■ EXERCISE AIM:
Excluding images, repeat the data exactly as given.

■ RAW DATA:
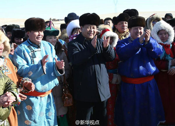 ????習近平還來到寶力根蘇木牧民瑪吉格家,客廳、廚房、臥室、庫房,一一察看。81歲的老人說,30多年前只有一頂破蒙古包、一輛勒勒車、一只狗,現(xiàn)在全家年純收入10萬,日子不錯。習近平說,你講得真好,要把發(fā)展變化講給子孫聽。臨別時他用蒙語“巴雅爾太”同大家說再見。
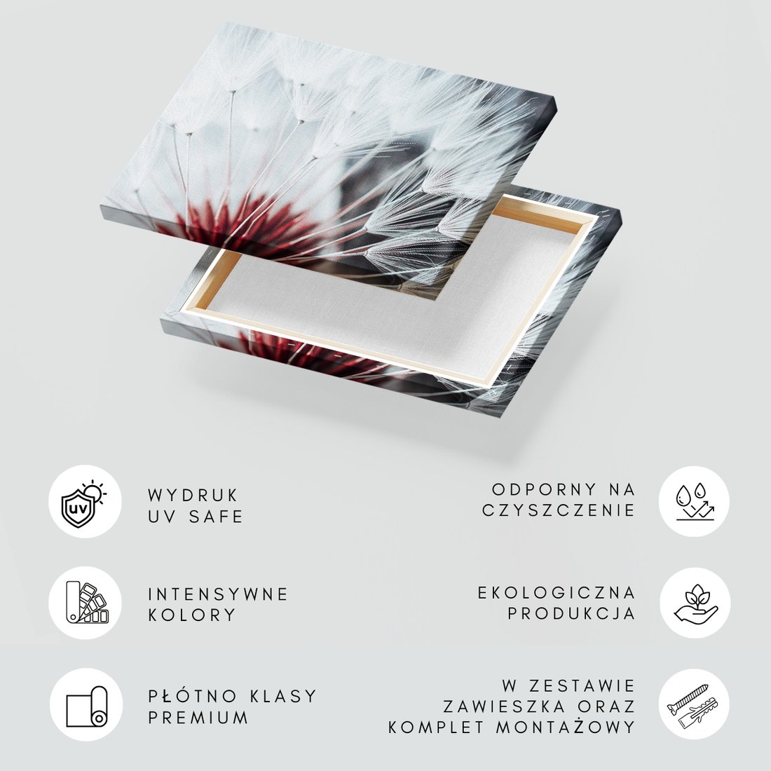 Obraz na płótnie z motywem dmuchawiec, natura, nasiona to kwintesencja estetyki i trwałości. Dzięki łatwemu montażowi i uniwersalnemu wzornictwu, czyni go idealnym wyborem zarówno do codziennego użytku, jak i na wyrafinowany prezent.
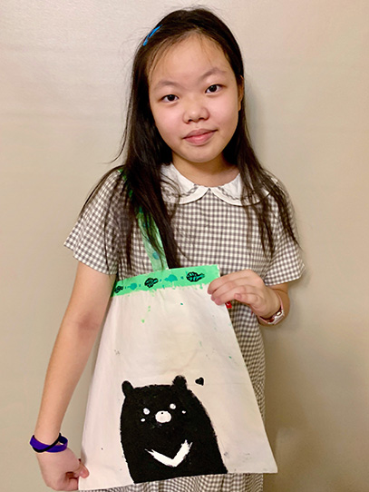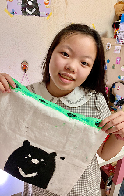 設計概念 : 我畫的是台灣黑熊,因為代表台灣的一種動物,也是台灣的一個吉祥物,希望可以帶來平安快樂的日子。現在防疫在家,還可以在家做公益,邊做自己有興趣的事,我覺得疫情緊張的時候我們現在已經很幸福了,要感謝許多在外面工作的人們,讓整個城市可以正常運作,我們也要做好自己該做的,希望疫情快點恢復。
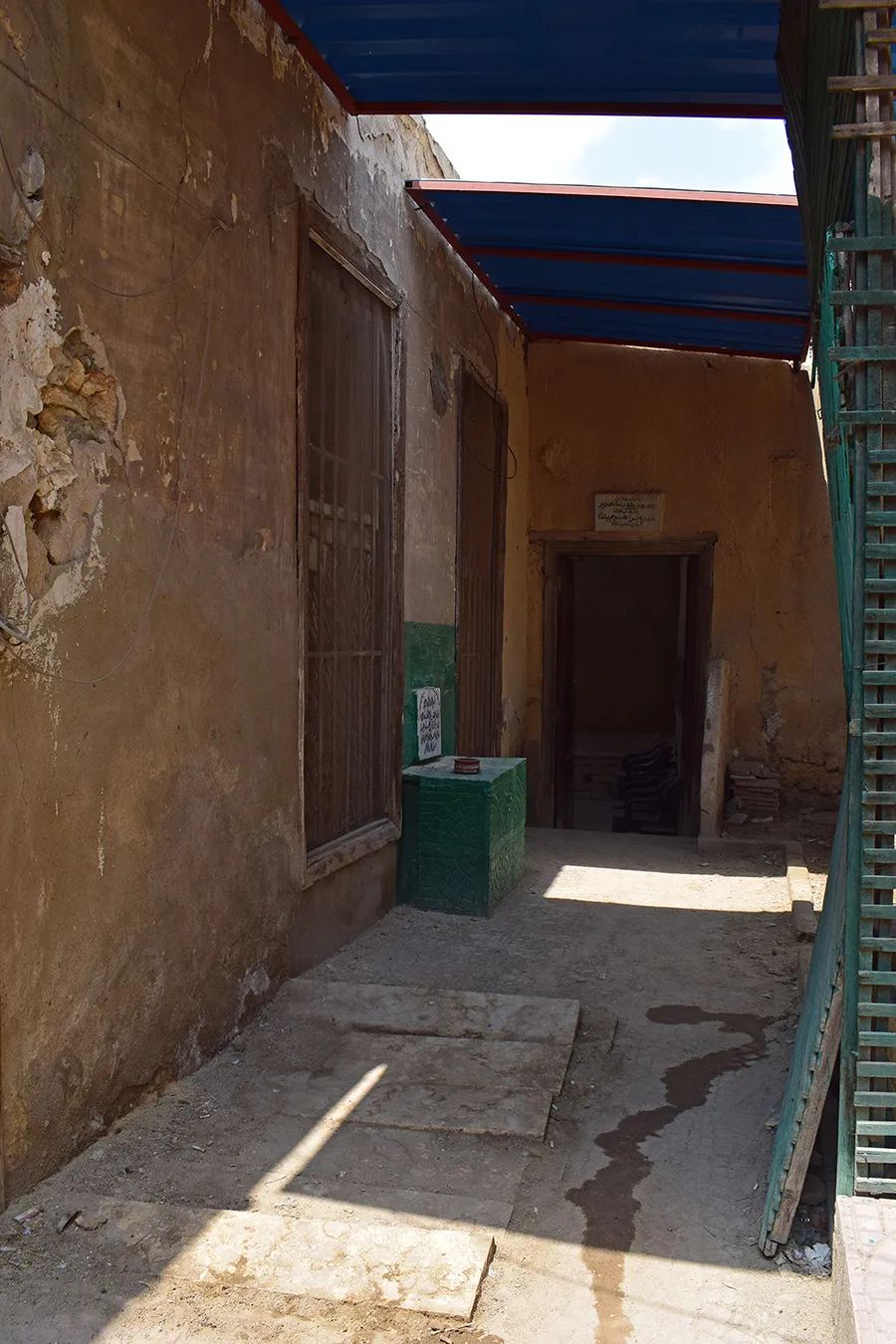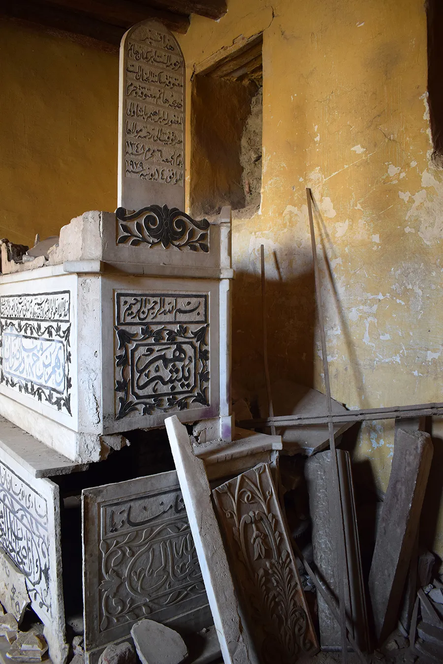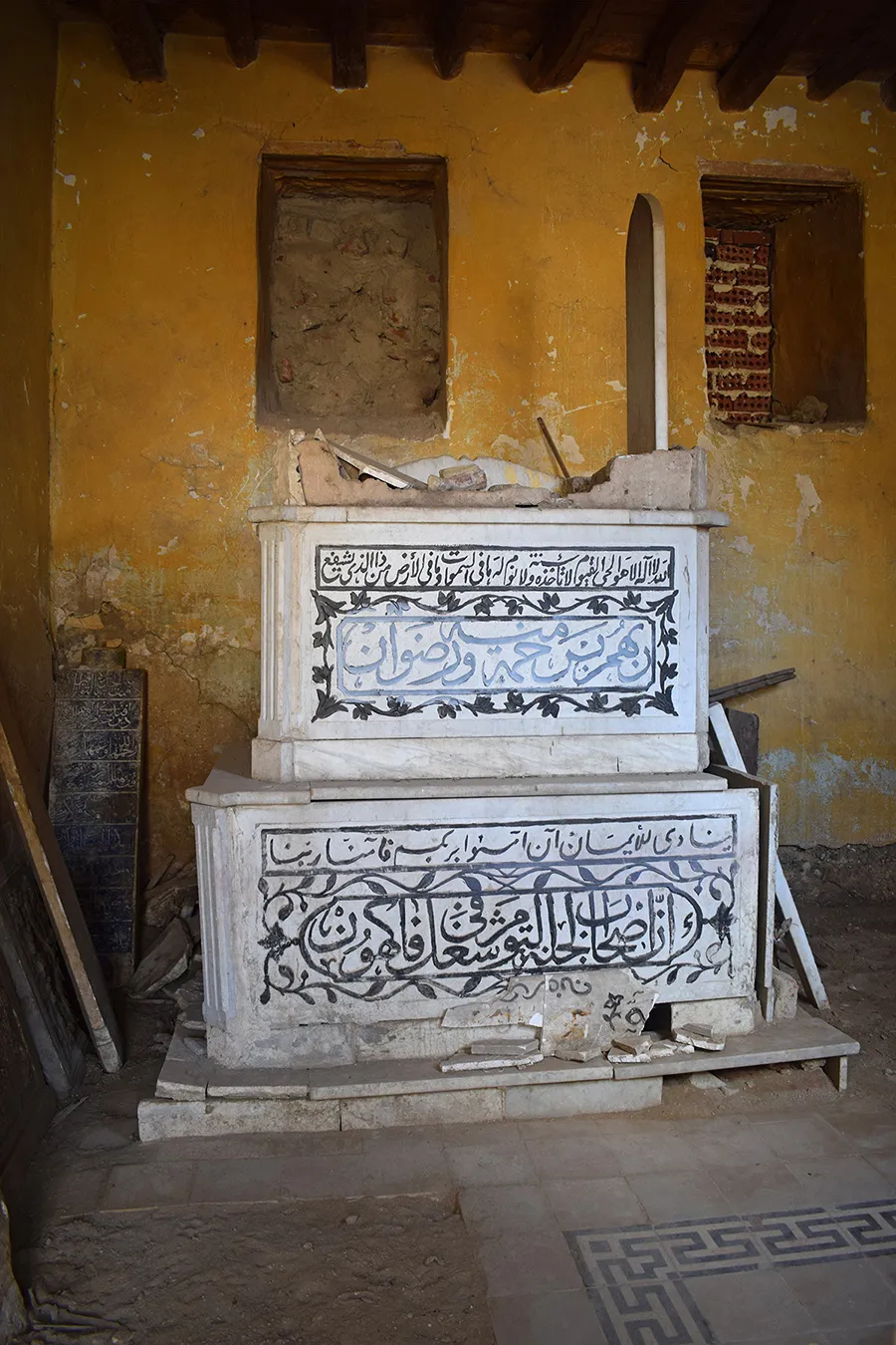 An annexe adjoins the enclosure to the west, with entrances from the street, where it continues the southern façade, and from the courtyard. The very simple structure has been recently covered with a simple roof of corrugated steel sheets on steel beams, with a roof lantern. In the room stands a richly carved marble cenotaph of Muhammad Bey Ibrahim, dated 4 Muharram 1326 AH [= 6 February AD 1908]. On the northern wall is mounted a richly carved marble side panel from another cenotaph, while on the eastern wall are twelve randomly placed commemorative marble plaques for people who died in the late 20th – early 21st centuries, the most recent of 2021.

■ FINAL ANSWER:
 ????習近平還來到寶力根蘇木牧民瑪吉格家,客廳、廚房、臥室、庫房,一一察看。81歲的老人說,30多年前只有一頂破蒙古包、一輛勒勒車、一只狗,現(xiàn)在全家年純收入10萬,日子不錯。習近平說,你講得真好,要把發(fā)展變化講給子孫聽。臨別時他用蒙語“巴雅爾太”同大家說再見。
 Obraz na płótnie z motywem dmuchawiec, natura, nasiona to kwintesencja estetyki i trwałości. Dzięki łatwemu montażowi i uniwersalnemu wzornictwu, czyni go idealnym wyborem zarówno do codziennego użytku, jak i na wyrafinowany prezent.
 設計概念 : 我畫的是台灣黑熊,因為代表台灣的一種動物,也是台灣的一個吉祥物,希望可以帶來平安快樂的日子。現在防疫在家,還可以在家做公益,邊做自己有興趣的事,我覺得疫情緊張的時候我們現在已經很幸福了,要感謝許多在外面工作的人們,讓整個城市可以正常運作,我們也要做好自己該做的,希望疫情快點恢復。
 An annexe adjoins the enclosure to the west, with entrances from the street, where it continues the southern façade, and from the courtyard. The very simple structure has been recently covered with a simple roof of corrugated steel sheets on steel beams, with a roof lantern. In the room stands a richly carved marble cenotaph of Muhammad Bey Ibrahim, dated 4 Muharram 1326 AH [= 6 February AD 1908]. On the northern wall is mounted a richly carved marble side panel from another cenotaph, while on the eastern wall are twelve randomly placed commemorative marble plaques for people who died in the late 20th – early 21st centuries, the most recent of 2021.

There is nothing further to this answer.